Task prompt: Give the data back exactly. Leave out any images.
>>>
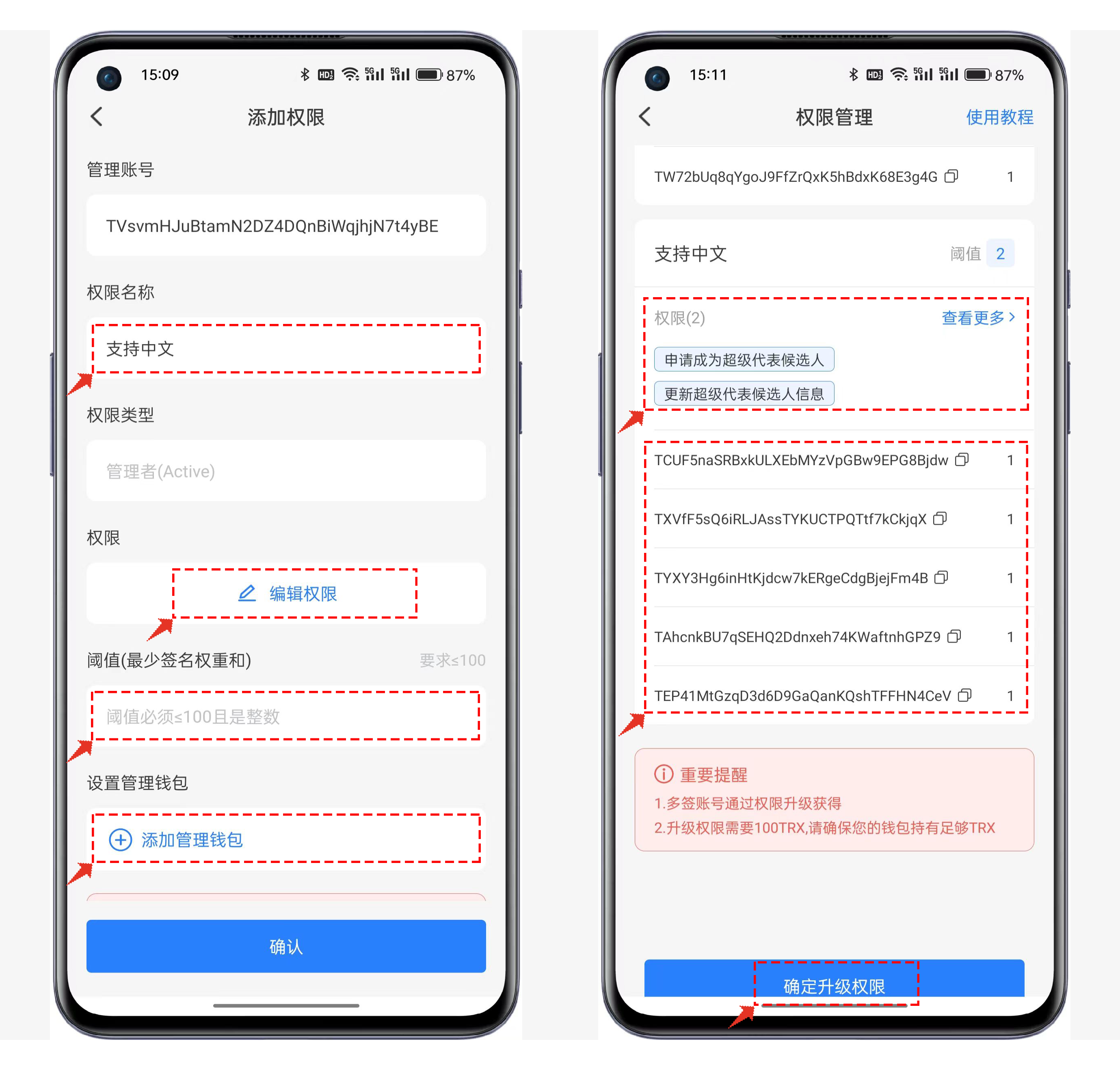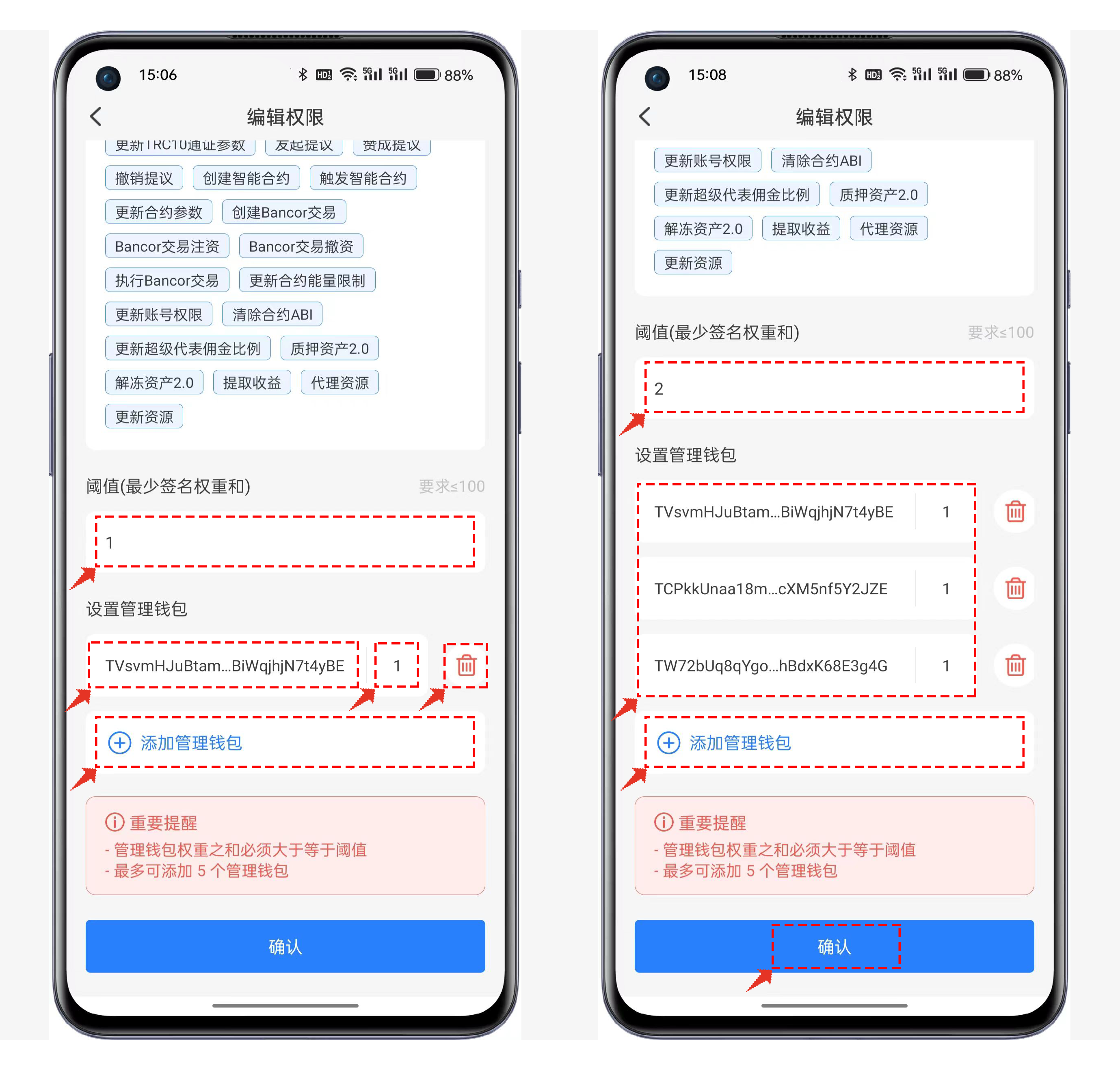 阈值、管理地址、权重要认真检查合理设置，一旦完成上链后是不可逆的操作；
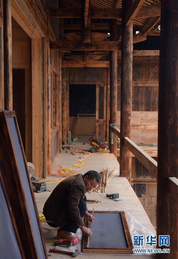 10月24日,工人在湖北省宣恩县椒园镇黄坪村修建的“石房子”吊脚楼里准备安装窗户。
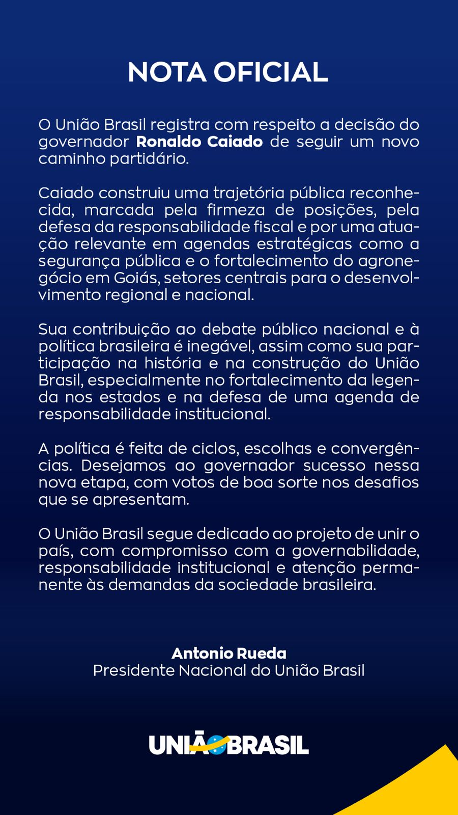 Em sua declaração, Rueda afirmou compreender a decisão do governador e ressaltou que o União Brasil reconhece a trajetória construída por Caiado dentro da sigla. O dirigente destacou o perfil firme do goiano e sua atuação em pautas consideradas centrais durante sua passagem pelo partido.
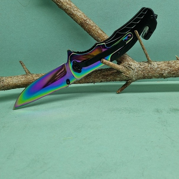 Zatvárací nôž 613 v dúhovo-čiernom prevední má dĺžku čepele 10 cm a celkovú dĺžku 22 cm. Na spodnej časti noža hrot na rozbíjanie skla a taktiež aj rezač na špagát alebo lanko. Na zadnej časti sa nachádza klip na uchytenie na opasok.
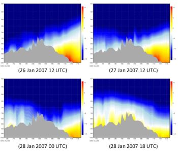 Press "Play Button" to see the loop; 25 Jan 2007/00 UTC - 09 Feb 2007/18 UTC Vertical Cross Sectio: Top: Along track Wind Speed (m/s); Bottom: Relative Humidity (%). |
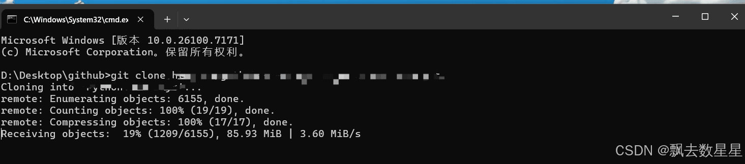 然后到你想部署到本地的文件夹,然后直接在红框出单击,输入cmd,然后enter,在命令行输入git clone [刚才复制的链接]
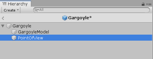 2. This GameObject will act as the Gargoyle’s point of view into the world, so rename it “PointOfView”.
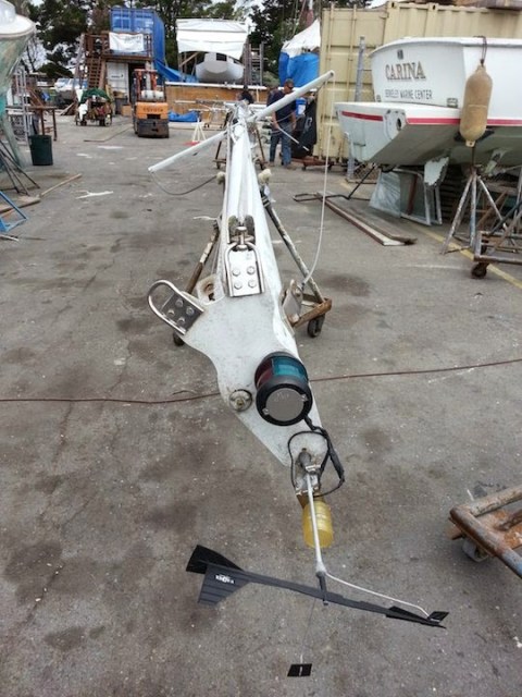 | Boat about to get the mast pulled |
<<<
Answer to the exercise:
 阈值、管理地址、权重要认真检查合理设置，一旦完成上链后是不可逆的操作；
 10月24日,工人在湖北省宣恩县椒园镇黄坪村修建的“石房子”吊脚楼里准备安装窗户。
 Em sua declaração, Rueda afirmou compreender a decisão do governador e ressaltou que o União Brasil reconhece a trajetória construída por Caiado dentro da sigla. O dirigente destacou o perfil firme do goiano e sua atuação em pautas consideradas centrais durante sua passagem pelo partido.
 Zatvárací nôž 613 v dúhovo-čiernom prevední má dĺžku čepele 10 cm a celkovú dĺžku 22 cm. Na spodnej časti noža hrot na rozbíjanie skla a taktiež aj rezač na špagát alebo lanko. Na zadnej časti sa nachádza klip na uchytenie na opasok.
 Press "Play Button" to see the loop; 25 Jan 2007/00 UTC - 09 Feb 2007/18 UTC Vertical Cross Sectio: Top: Along track Wind Speed (m/s); Bottom: Relative Humidity (%). |
 然后到你想部署到本地的文件夹,然后直接在红框出单击,输入cmd,然后enter,在命令行输入git clone [刚才复制的链接]
 2. This GameObject will act as the Gargoyle’s point of view into the world, so rename it “PointOfView”.
 | Boat about to get the mast pulled |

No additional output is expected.